Specifications

29 Deploying VMware vCenter Site Recovery Manager with NetApp FAS/V-Series Storage Systems

9. If necessary and possible, isolate the primary site to prevent any conflicts if infrastructure services

should be reestablished without warning.

9 RESYNC AFTER RECOVERY

9.1 REQUIREMENTS AND ASSUMPTIONS

After a disaster has been overcome, it is usually necessary to return operations back to the primary site.
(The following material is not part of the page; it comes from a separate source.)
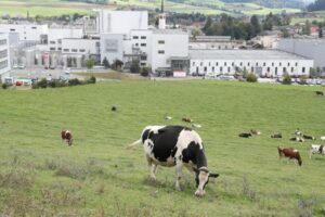 FILE PHOTO: Cows are seen on a meadow in front of a Nestle plant in Konolfingen, Switzerland September 28, 2020. REUTERS/Arnd Wiegmann/File Photo

From a storage standpoint when considering the process of resyncing the environment back to the primary

site there are three high-level scenarios to consider:

A. Resyncing the environment if the primary storage has been recovered. This involves the use of the

SnapMirror resync process, which requires that the primary and DR NetApp volumes have a common

NetApp Snapshot copy that the SnapMirror software will recognize as a consistent point from which to

resync.

B. Resyncing the environment if the primary site storage was lost. In this case the primary storage might

have been destroyed, or a common Snapshot copy no longer exists between the primary and DR

volumes. This requires that the entire volume be initialized (a complete retransfer) back to the primary

site using the SnapMirror initialize function.

C. The third scenario is some combination of scenarios A and B, where loss of data might have occurred

for some of the volumes at the primary site, but not all of them. In this case either a SnapMirror resync

or SnapMirror initialize process would be done for each volume as appropriate.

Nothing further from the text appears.